Exactly as written, retype the listing below, omitting the pictures.

#### [INFORMATION SHOWN]
○ ○ ○ ○ ○

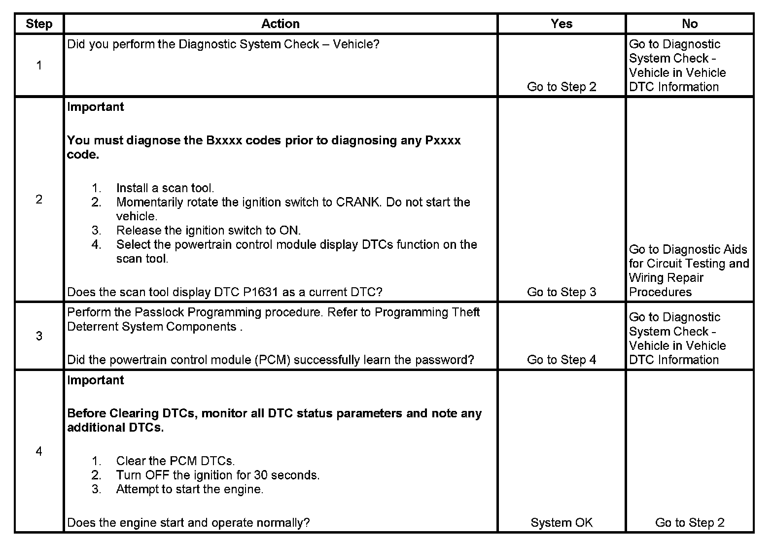 When the Passlock portion of the VTD system has sensed the proper operation of the ignition switch and lock, or determined that the switch and lock have not been tampered with, the BCM transmits a password to the PCM. Fuel delivery is enabled if this password matches the password stored in the modules memory. If a component in the theft deterrent system has been replaced, the modules need to relearn the password of the new components. If the relearn procedure was not performed, this DTC will set.
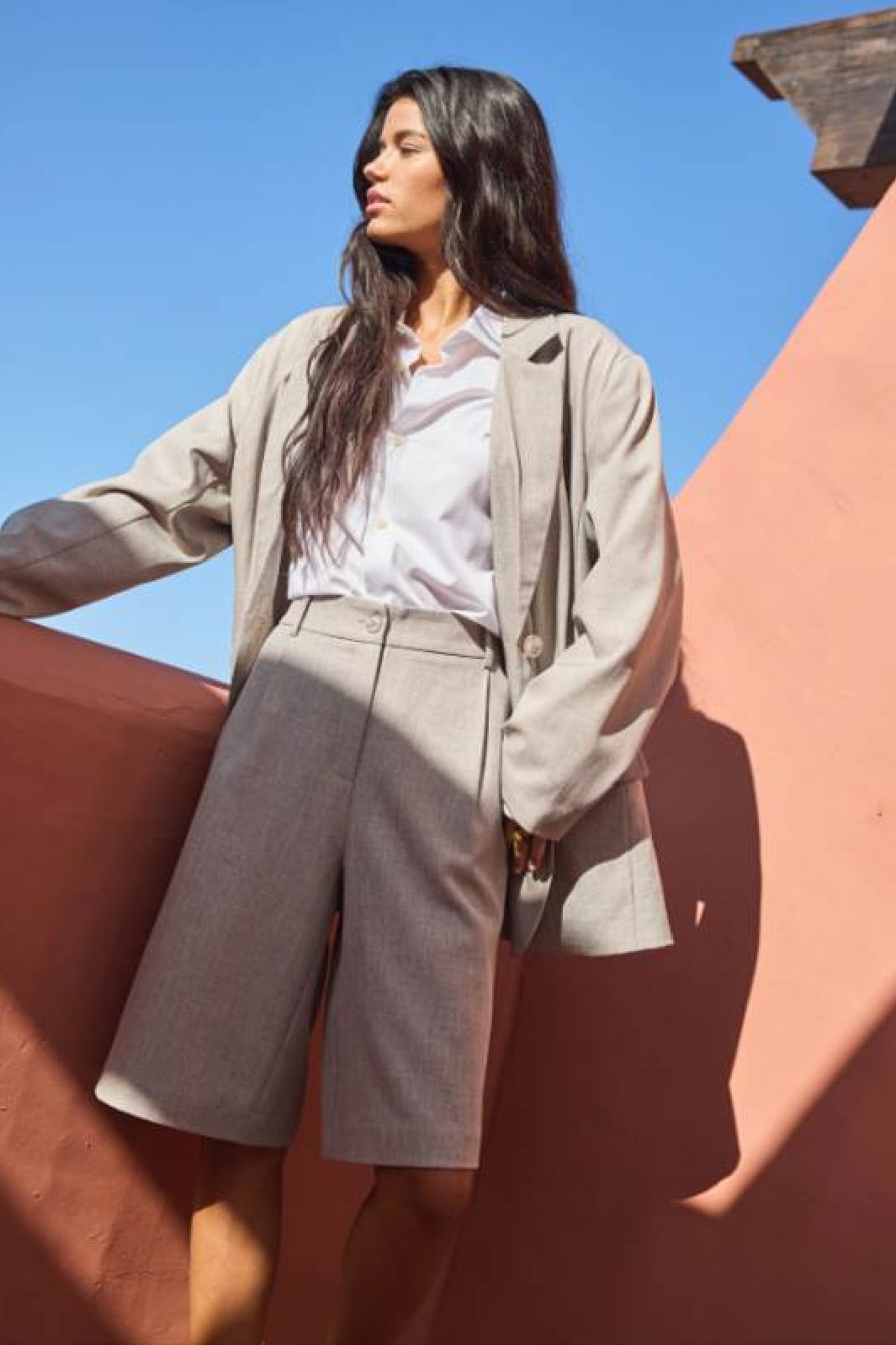 Knelange bermudashorts i lys grå melange med høy midje og loose fit. Shortsen har legg foran og praktiske sidelommer samt beltestropper.
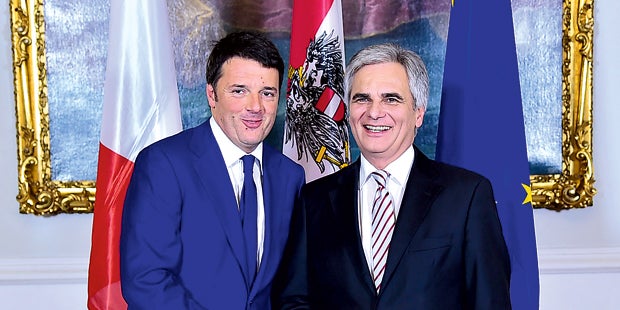 Ernst wurde es dann beim Thema Sparpolitik in der EU. Renzi und Faymann präsentierten sich als „Kämpfer“ gegen eine „reine Austeritätspolitik“, also gegen einen harten Sparkurs. Um die lahmende Wirtschaft am Kontinent anzukurbeln, darf das 399 Milliarden Euro umfassende Investitionsprogramm des EU-Kommissionspräsidenten Jean-Claude Juncker „nicht verkleinert werden“, betonte Faymann.
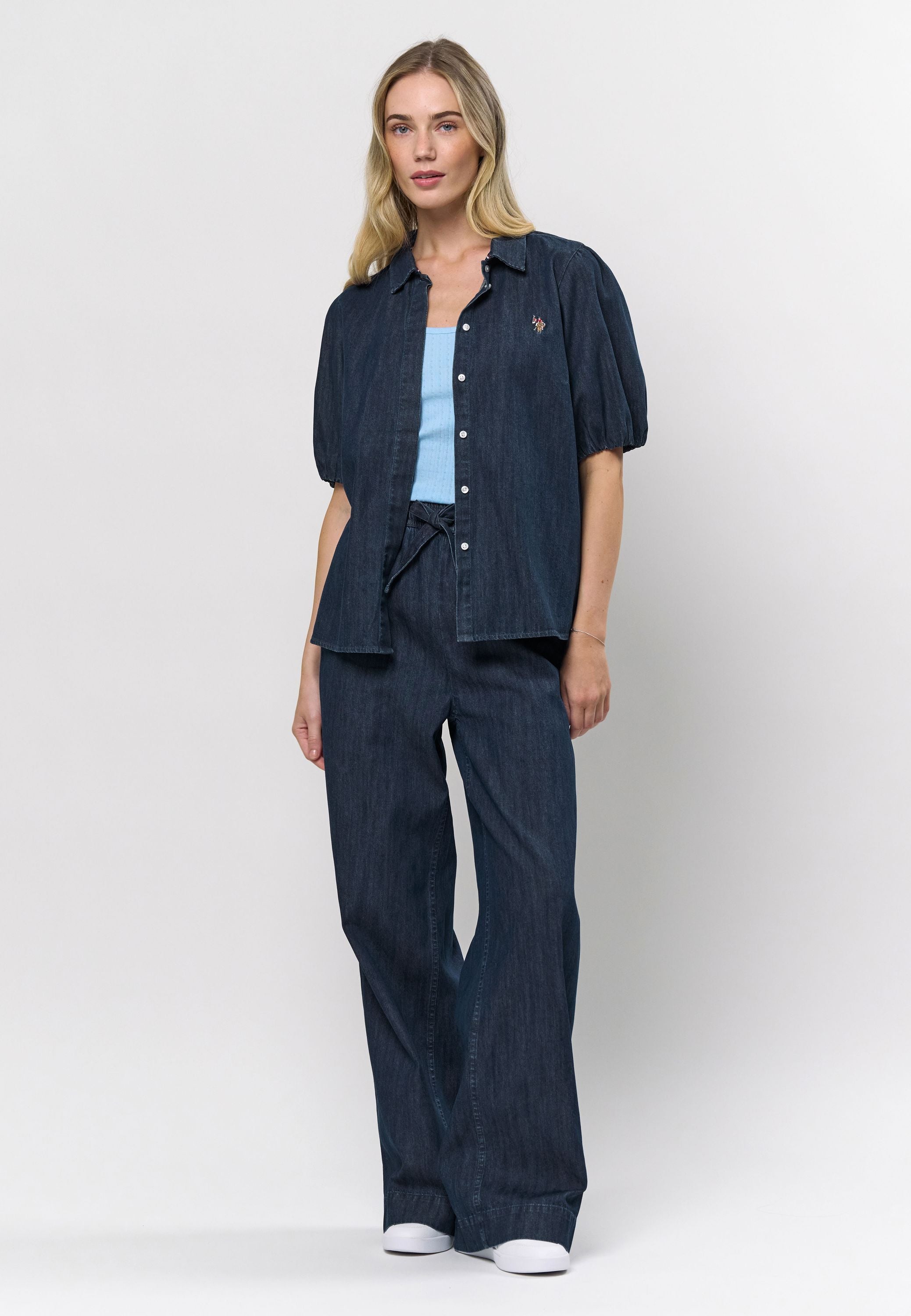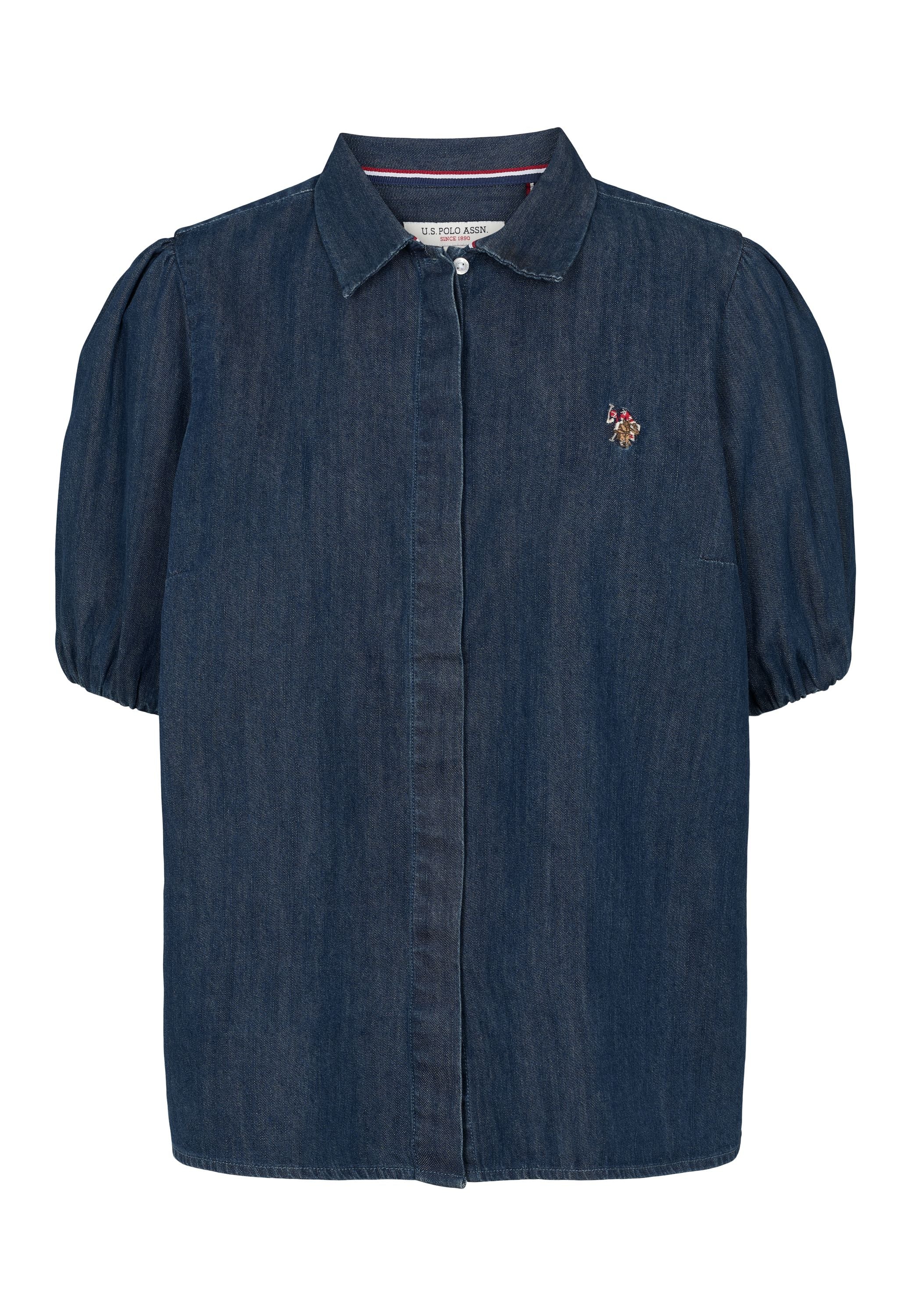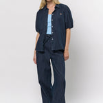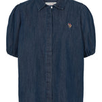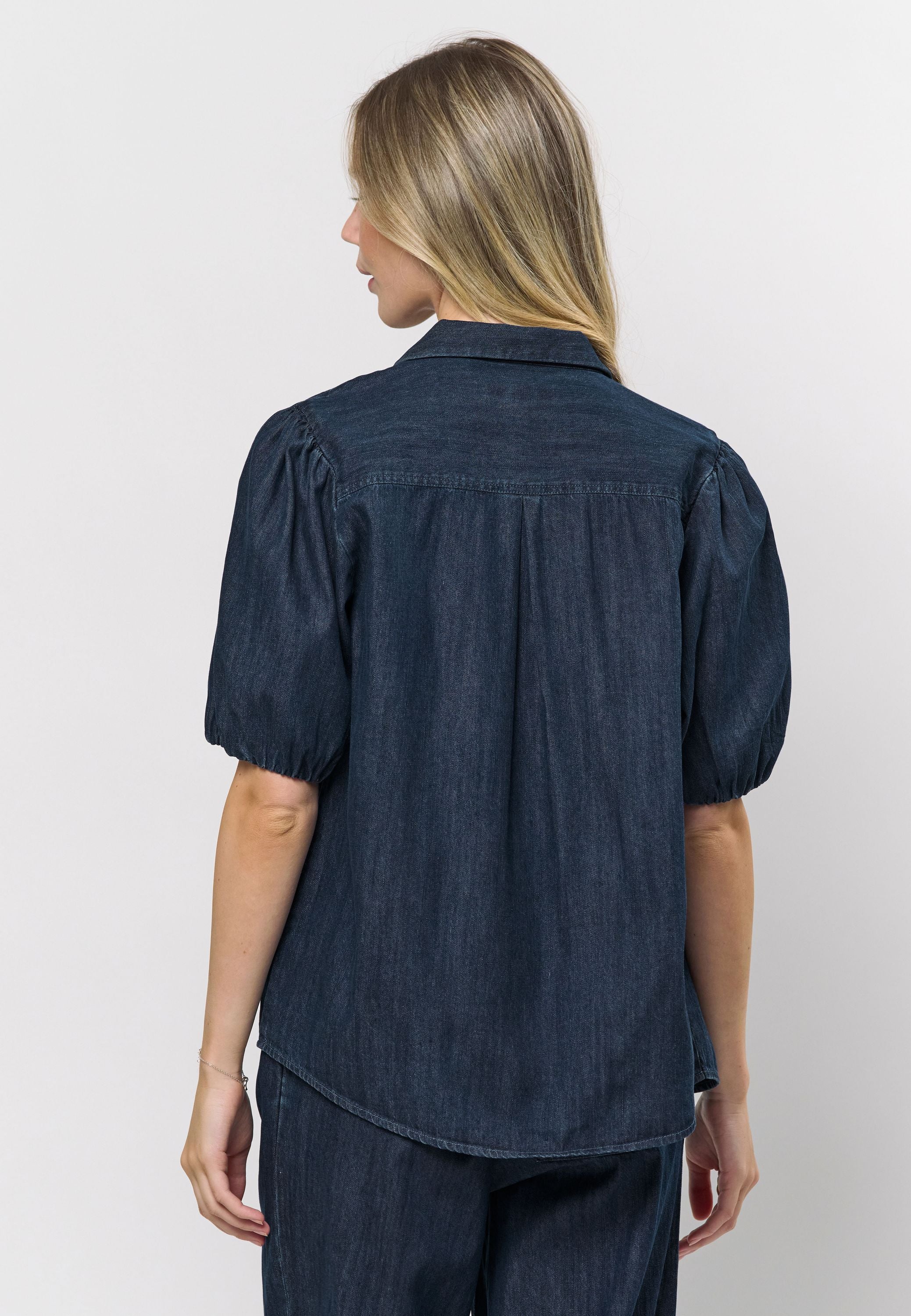 - Kortærmet denimskjorte med pufærmer

○ ○ ○ ○ ○

#### [SOLUTION]
 When the Passlock portion of the VTD system has sensed the proper operation of the ignition switch and lock, or determined that the switch and lock have not been tampered with, the BCM transmits a password to the PCM. Fuel delivery is enabled if this password matches the password stored in the modules memory. If a component in the theft deterrent system has been replaced, the modules need to relearn the password of the new components. If the relearn procedure was not performed, this DTC will set.
 Knelange bermudashorts i lys grå melange med høy midje og loose fit. Shortsen har legg foran og praktiske sidelommer samt beltestropper.
 Ernst wurde es dann beim Thema Sparpolitik in der EU. Renzi und Faymann präsentierten sich als „Kämpfer“ gegen eine „reine Austeritätspolitik“, also gegen einen harten Sparkurs. Um die lahmende Wirtschaft am Kontinent anzukurbeln, darf das 399 Milliarden Euro umfassende Investitionsprogramm des EU-Kommissionspräsidenten Jean-Claude Juncker „nicht verkleinert werden“, betonte Faymann.
 - Kortærmet denimskjorte med pufærmer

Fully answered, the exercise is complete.